Cao Jing, Lee J Jack, Alber Susan
Department of Statistical Science, Southern Methodist University, Dallas, Texas, 75275.
Department of Biostatistics, The University of Texas M. D. Anderson Cancer Center, Houston, Texas, 77030.
J Stat Plan Inference. 2009 Dec 1;139(12):4111-4122. doi: 10.1016/j.jspi.2009.05.041.

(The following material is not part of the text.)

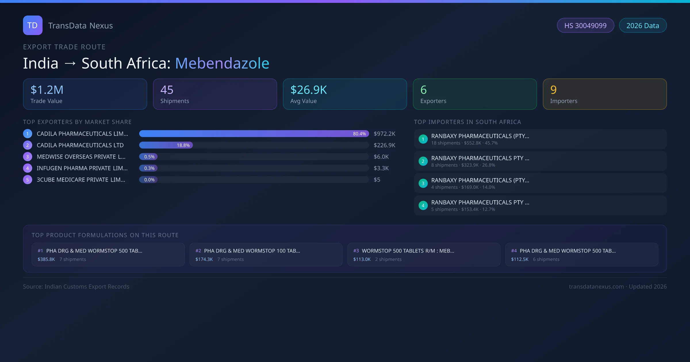 India has recorded 45 verified shipments of Mebendazole exported to South Africa, representing a combined trade value of $1.2M USD. This corridor is served by 6 active Indian exporters, with an average shipment value of $26.9K USD. The leading Indian exporter is CADILA PHARMACEUTICALS LIMITED, which accounts for 80% of total export value with 31 shipments worth $972.2K USD. On the buying side, RANBAXY PHARMACEUTICALS (PTY) LTD. is the largest importer in South Africa with $552.8K USD in purchases. The top 3 suppliers — CADILA PHARMACEUTICALS LIMITED, CADILA PHARMACEUTICALS LTD, MEDWISE OVERSEAS PRIVATE LIMITED — together control 100% of total trade value on this route. All data sourced from Indian Customs (DGFT) shipping bill records. Values reported in FOB USD.
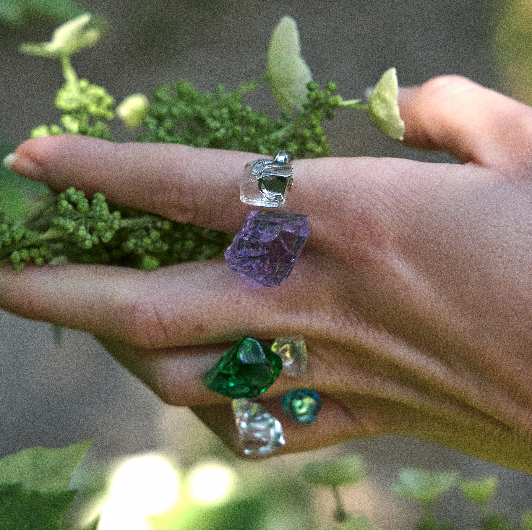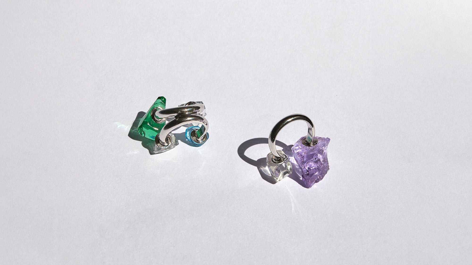 The Lumina collection is a lead crystal glass jewelry line crafted by our studio, encompassing everything from product development to artistic direction and the execution of the photo shoot. The collection celebrates uniqueness and craftsmanship. The creation process begins in the forge, where crystal is molten to blow vases and art glass pieces. The leftover material that accumulates in the crucible is transformed into sparkling, razor-sharp shards, which are then individually smoothed and turned into the gems that illuminate the jewelry. Each piece reflects light in a distinctive way, each piece is one-of-a-kind.

A challenge for implementing performance based Bayesian sample size determination is selecting which of several methods to use. We compare three Bayesian sample size criteria: the average coverage criterion (ACC) which controls the coverage rate of fixed length credible intervals over the predictive distribution of the data, the average length criterion (ALC) which controls the length of credible intervals with a fixed coverage rate, and the worst outcome criterion (WOC) which ensures the desired coverage rate and interval length over all (or a subset of) possible datasets. For most models, the WOC produces the largest sample size among the three criteria, and sample sizes obtained by the ACC and the ALC are not the same. For Bayesian sample size determination for normal means and differences between normal means, we investigate, for the first time, the direction and magnitude of differences between the ACC and ALC sample sizes. For fixed hyperparameter values, we show that the difference of the ACC and ALC sample size depends on the nominal coverage, and not on the nominal interval length. There exists a threshold value of the nominal coverage level such that below the threshold the ALC sample size is larger than the ACC sample size, and above the threshold the ACC sample size is larger. Furthermore, the ACC sample size is more sensitive to changes in the nominal coverage. We also show that for fixed hyperparameter values, there exists an asymptotic constant ratio between the WOC sample size and the ALC (ACC) sample size. Simulation studies are conducted to show that similar relationships among the ACC, ALC, and WOC may hold for estimating binomial proportions. We provide a heuristic argument that the results can be generalized to a larger class of models.
实施基于性能的贝叶斯样本量确定面临的一个挑战是选择使用几种方法中的哪一种。我们比较了三种贝叶斯样本量标准:平均覆盖率标准(ACC),它控制固定长度可信区间在数据预测分布上的覆盖率;平均长度标准(ALC),它控制具有固定覆盖率的可信区间的长度;以及最坏结果标准(WOC),它确保在所有(或部分)可能的数据集中达到所需的覆盖率和区间长度。对于大多数模型,WOC在这三个标准中产生的样本量最大,并且通过ACC和ALC获得的样本量不相同。对于正态均值和正态均值之间差异的贝叶斯样本量确定,我们首次研究了ACC和ALC样本量之间差异的方向和大小。对于固定的超参数值,我们表明ACC和ALC样本量的差异取决于名义覆盖率,而不取决于名义区间长度。存在一个名义覆盖率水平的阈值,使得低于该阈值时ALC样本量大于ACC样本量,高于该阈值时ACC样本量更大。此外,ACC样本量对名义覆盖率的变化更敏感。我们还表明,对于固定的超参数值,WOC样本量与ALC(ACC)样本量之间存在渐近常数比。进行了模拟研究以表明在估计二项比例时,ACC、ALC和WOC之间可能存在类似的关系。我们提供了一个启发式的论点,即结果可以推广到更大类的模型。